Banks Look Up to the Cloud as Computer Security Concerns Recede

Imagine reclining in your La-Z-Boy, closing your eyes and asking the voice-activated Amazon Echo on a nearby shelf when your next car payment is due. Just a few years ago, banks would have needed a houseful of their own computers to provide such service.

Instead, new capabilities announced Wednesday by Capital One Financial Corp. run on Amazon.com Inc.'s cloud. It's the latest sign banks are growing more comfortable using other companies' servers instead of their own closely guarded data centers — and that longstanding security concerns are fading.

For years, banks have been outliers, shunning web-based data centers run by Amazon, Microsoft Corp. and International Business Machines Corp. Pressures to reduce costs and innovate are changing that. Of the world's 38 largest financial institutions and insurance companies, 25 have signed up with Microsoft and are beginning to put applications in the cloud. Capital One, the eighth-largest U.S. commercial bank, started deploying applications in cloud services in early 2015.

"The momentum has been tremendous, especially in the last six months," said Karen Cone, general manager of worldwide financial services at Microsoft.

Banks are trying to speed up internal development to keep up with innovative startups that are reinventing everything from cross-border payments to bill pay and doing it faster by using the cloud. The lenders look to the cloud as a way to lower costs and improve profits in a climate of stiffer capital rules and low interest rates.

Capital One on Wednesday added to the services it first started offering through the Amazon Echo in March.
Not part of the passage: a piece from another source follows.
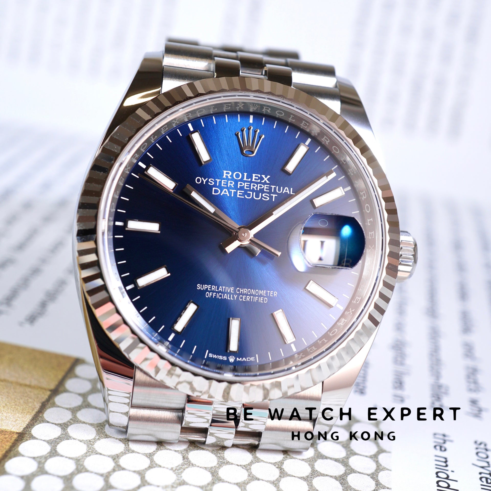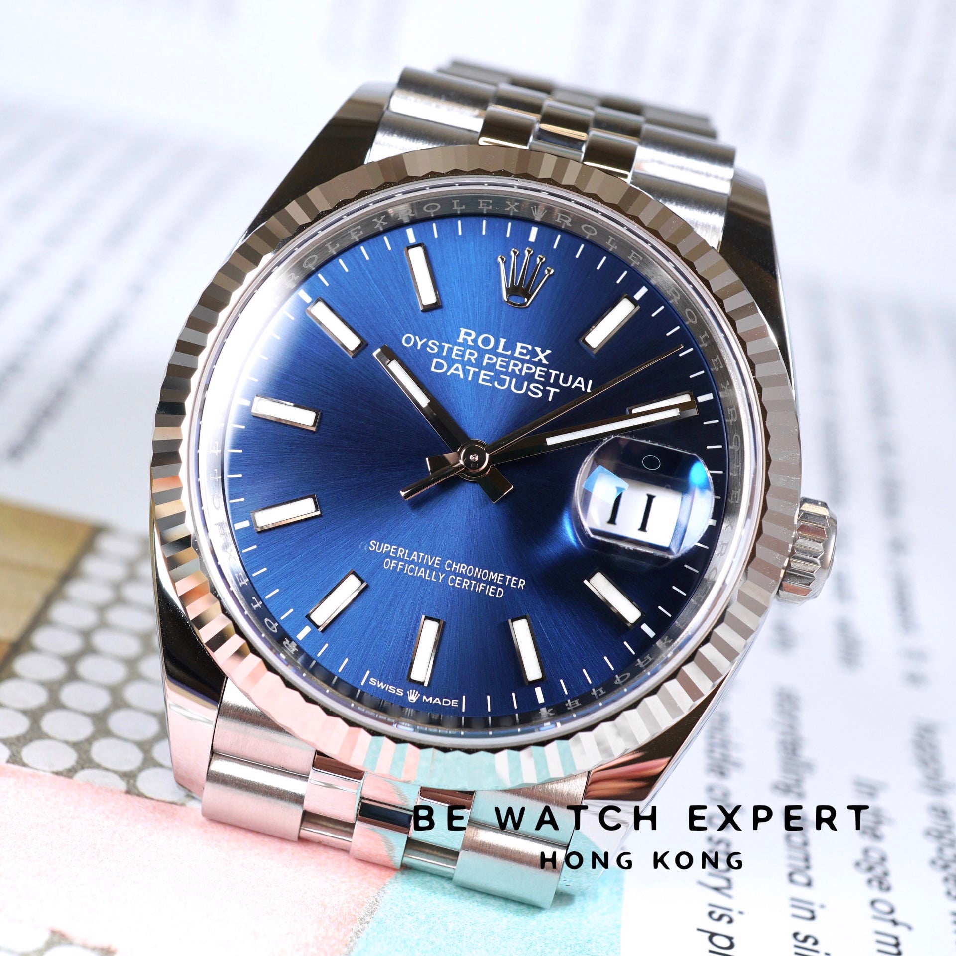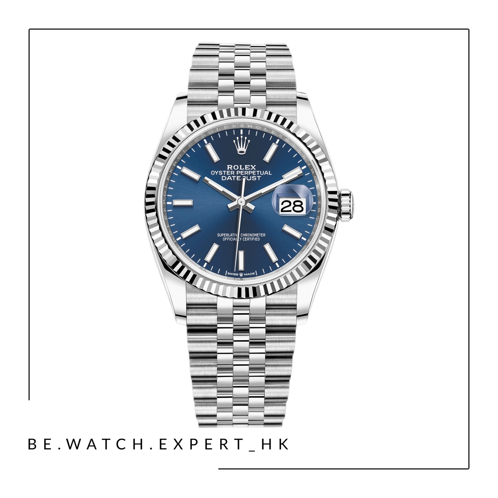白色黃金及蠔式鋼款,搭配亮藍色錶面及紀念型(JUBILEE)錶帶

The bank became the first company to give customers access to auto, mortgage and home-equity information using Alexa, the Echo's voice-activated assistant, providing answers to questions such as "How much is my next mortgage payment?" and "How much more until my motorcycle is paid off?"

"The primary motivation for the banks to do this is because they want to create agility and flexibility in their middle and back office that would let them digitize their business on an end-to-end basis," said Likhit Wagle, general manager of banking and financial services at IBM, based in Armonk, New York. "They want to be able to automate all of their processes."

Two developments have contributed to the bankers' growing embrace of cloud computing. Regulators have welcomed the shift and cloud companies have revamped their practices to accommodate lenders.

"We see no fundamental reason why cloud services (including public cloud services) cannot be implemented, with appropriate consideration, in a manner that complies with our rules," the U.K.'s Financial Conduct Authority said this month when it published new guidance for the industry.

Microsoft, based in Redmond, Washington, created a special financial-services compliance program that gives banks full access to all audit reports, notification of any security incidents and provides them with a road map on upcoming security and privacy features.

"I know from our own checks that both Amazon and Microsoft are all over the global banks," said Karl Keirstead, a software analyst for Deutsche Bank AG. "This is a massive opportunity and prize that the public cloud vendors are well aware could move the needle for them."

The transition to the public cloud began in Europe and Asia. Commonwealth Bank in Australia has begun using web-based computing for development and testing new software, and running its website, for example.

"Through this hybrid approach of combining the use of public cloud with our internal cloud, we have realized major savings in infrastructure costs and reduced project delivery times," Nick Giles, executive general manager of IT Delivery Services at the bank, said in an e-mail. "As a result, we have been able to channel that capital toward innovation and customer-facing technologies."

On Wednesday, Singapore's DBS Bank said it will use Amazon Web Services and expects to move as much as 50 percent of its computing needs to the cloud by 2018.

Capital One, based in McLean, Virginia, is so happy with cloud services it's closing data centers and expects to be down to three from eight by 2018.

"There's nothing we aren't willing to put in the public cloud," said Rob Alexander, Capital One's chief information officer. "We are now doing the vast majority of all our new development in the public cloud, and we are systematically moving our legacy applications."

Larger banks are expected to follow in coming months, though they are expected to do so cautiously.

Many are starting by putting marketing, human resources and other non-core applications onto the cloud — usually, no more than 10 percent of their total applications, according to IBM's Wagle. Other parts of the businesses will take longer.

"Banks move slowly, especially regarding IT decisions with regulatory implications," said Keirstead of Deutsche Bank Securities. "Hence one should expect any move to be gradual."